Чувства, противопоставленные логической необходимости в соответствующей ситуации и реализованные в действиях человека, обычно ведут к неудачам и бедствиям в жизни. «Человек, строящий дом на одном сердце, строит его на огнедышащей горе» (Герцен)1. И наоборот, чувства, мощно стимулирующие осуществление высоких социально-этического характера идей, двигают вперед, возвышают личность: «Поднимаясь в сферу всеобщего, страстность не утрачивается, но преображается, теряя свою дикую, судорожную сторону; предмет ее выше, святее; по мере расширения интересов уменьшается сосредоточенность около своей личности, а с нею и ядовитая жгучесть страсти».
Герцен во многих своих произведениях подвергал анализу взаимоотношение разума и чувства: он считал необходимым «примирить сердце и разум так, чтобы человек исполнение действительного долга не считал за тяжелую ношу, а находил в нем наслаждение, как в образе действия, наиболее естественном и признанном его разумом».
И. С. Тургенев в своей повести «Фауст» высказал следующую мысль: «Жизнь не шутка и не забава; жизнь даже не наслаждение… жизнь—тяжелый труд. Отречение постоянное—вот ее тайный смысл, ее разгадка—неисполнение любимых мыслей и мечтаний, как бы возвышены не были,— исполнение долга, вот о чем следует заботиться человеку; не наложив на себя цепей, железных цепей долга, не может он дойти, не падая, до конца своего поприща».
Эта философско-этическая проблема, сформулированная и вложенная автором в уста героя повести, вызвала возражение со стороны Добролюбова Н. А. Он отметил, что в этом взгляде есть сторона очень похвальная, именно, уважение к требованиям нравственного долга. Но, с другой стороны, взгляд этот, по мнению Добролюбова, крайне печален, потому, что потребности человеческой природы он прямо признает противным требованиям долга. «Кажется, не того можно назвать человеком истинно-нравственным, кто только терпит над собой веления долга, как какое-то тяжелое иго, как «нравственные вериги», а именно того, кто заботится слить требования долга с потребностями внутреннего существа своего, кто старается переработать их в свою плоть и кровь внутренним процессом самопознания и саморазвития, так, чтобы они не только сделались инстинктивно-необходимыми, но и доставляли внутреннее наслаждение».
Как видно, здесь критика Добролюбова Н. А. концепции «нравственных вериг», проповедуемых Тургеневым И. С., полностью совпадает со взглядами Герцена А. И., который требовал, чтобы человек исполнение своего долга не считал тяжелой ношей, а находил в нем наслаждение.
М. Горький в своей философской поэме «Человек», которую можно назвать гимном человеческому разуму, предупреждает человека об особой опасности низких эгоистических чувств обывательского характера: «И только Мысль — подруга Человека, и только с ней всегда он неразлучен, и только пламя мысли освещает перед ним препятствия его пути, загадка жизни, сумрак тайн природы и темный хаос в сердце у него…» «И по внушению близоруких чувств он терпеливо насыщает мозг и сердце приятным ядом той циничной лжи, которая открыто учит, что Человеку нет пути иного, как путь на скотный двор спокойного довольствия самим собой.

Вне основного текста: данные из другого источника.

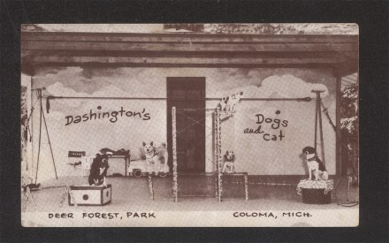 I doubt that the remaining cat and dog which needed homes were descendants of my crew here, although you never know. You will note the sign on the wall only promises Dogs and Cat. It took me a long time looking at this photo to find that single cat – up on the highest platform, white with dark cow-spots and wearing a harness. It is impossible to see for sure, but I can almost detect what I call piss-cat ears of annoyance on the fellow. The fact is, we all know cats don’t train especially well and do not appear to enjoy it. While dogs seem to like the interaction and having a job, with cats at best it seems to be a treat filled system which involves an uncomfortable level of coercion. (You may remember a post that provides an even earlier glimpse into the world of trained kitties, Mad Jenny.) Still, in my imagination somehow I persist in seeing glorious Busby Berkley type cat performances – glittering collars and dozens or more happily dancing kitties – with me as the mistress of ceremony, wearing my circus-girl costume, right in the middle of it all.

Но мысль горда, и Человек ей дорог,— она вступает в злую битву с Ложью, и поле битвы — Сердце Человека. Но если Человек отравлен ядом лжи, неизлечимо и грустно верит, что на земле нет счастья выше сытости, покоя и мелких жизненных удобств, тогда в плену ликующего чувства печально опускает крылья Мысль и—-дремлет, оставляя Человека во власти его сердца».
В конце своей поэмы Горький оптимистически про возглашает, подобно Герцену и Добролюбову, победу человеческого разума и слияние с ним адекватных ему высоких социальных чувств: «Настанет день — в груди моей сольются в одно великое и творческое пламя мир чувства моего с моей бессмертной Мыслью, и этим пламенем я выжгу из души все темное, жестокое и злое, и буду я подобен тем богам, что Мысль моя творила и творит Все в Человеке — все для Человека».

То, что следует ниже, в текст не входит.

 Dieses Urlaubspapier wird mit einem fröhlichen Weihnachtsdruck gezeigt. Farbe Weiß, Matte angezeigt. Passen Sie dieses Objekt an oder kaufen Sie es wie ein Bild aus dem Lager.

В этих замечательных высказываниях Добролюбова, Герцена и Горького мы видим философские основы нравственного сознания личности. Из этих возвышенных нравственных идей должны быть разработаны основные принципы коммунистической этики.
Двойственная противоречивая природа человеческого сознания была подмечена еще в глубокой древности истории общества.

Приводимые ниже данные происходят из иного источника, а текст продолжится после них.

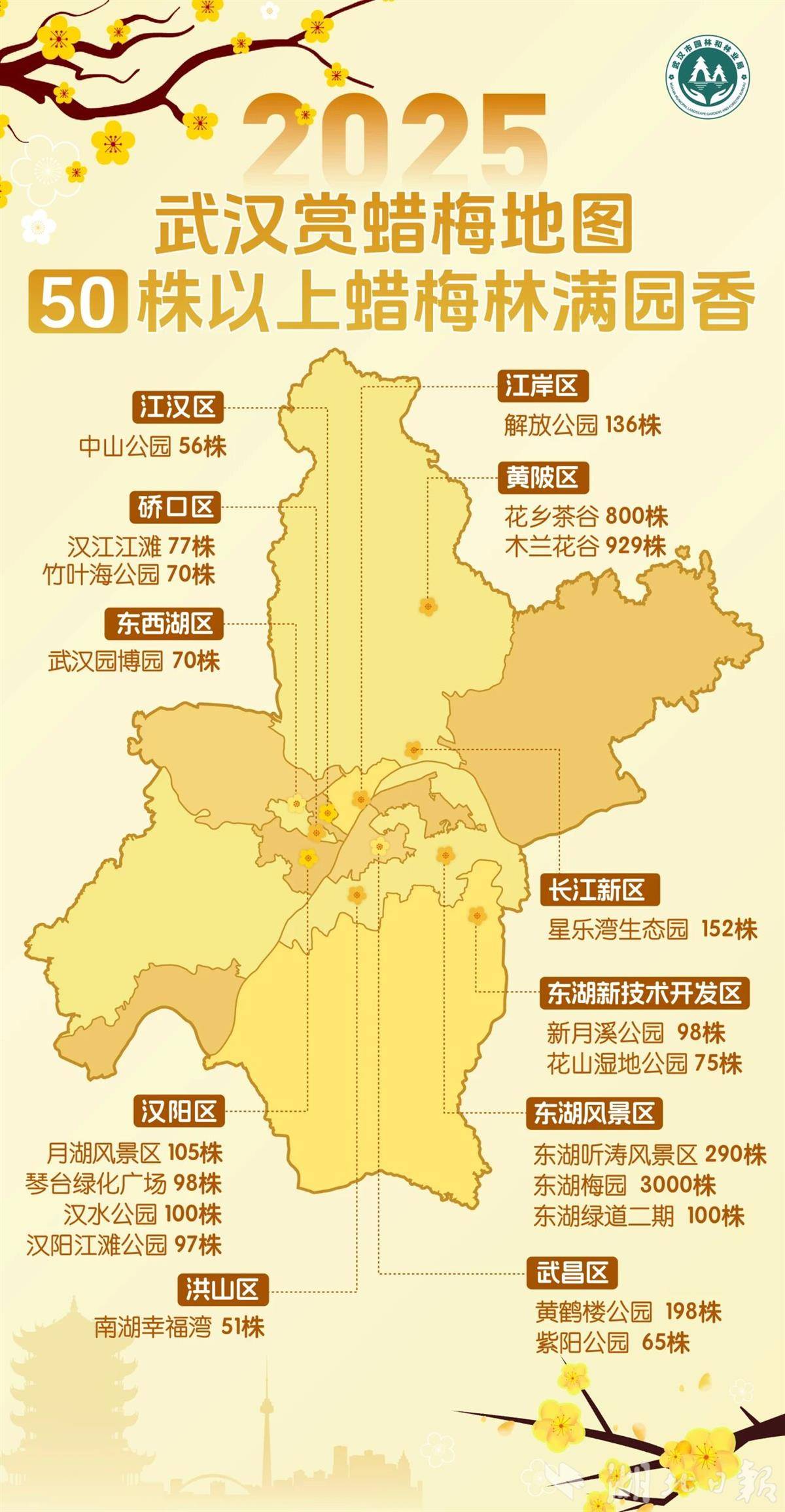 配合花期提前,“武汉蜡梅赏花地图”近日同步上线。地图集成观赏点位、品种特色、花期预告与出行指南,方便市民游客规划“追香之旅”。

Почти во всех этапах развития философских и психологических направлений эта проблема подвергалась глубокому обсуждению дискуссионного характера. Многовековая дискуссия велась главным образом между представителями сенсуализма, с одной стороны, и рационализма — с другой.
Еще Аристотель в своем трактате «О душе» писал что «стремление движет вопреки разуму, ведь желание есть некое стремление. В самом деле, ум всегда действует правильно, стремление же и воображение то правильно, то неправильно. Приводит всегда в движение предмет стремления, но это есть либо действительное благо, либо благо кажущееся… Стремления могут оказаться противоположными друг другу, а случается, когда ум противостоит желаниям, возникает же это у тех, кто обладает чувством времени. Ведь ум приказывает воздержаться ввиду будущего, желания же побуждают считаться с получаемым тотчас…». Здесь Аристотель высказывает глубоко правильную мысль о том, что в борьбе противоположных тенденций в сознании человека чувства своей импульсивностью и стремительностью уступают превосходству разума, обладающего способностью предвидения.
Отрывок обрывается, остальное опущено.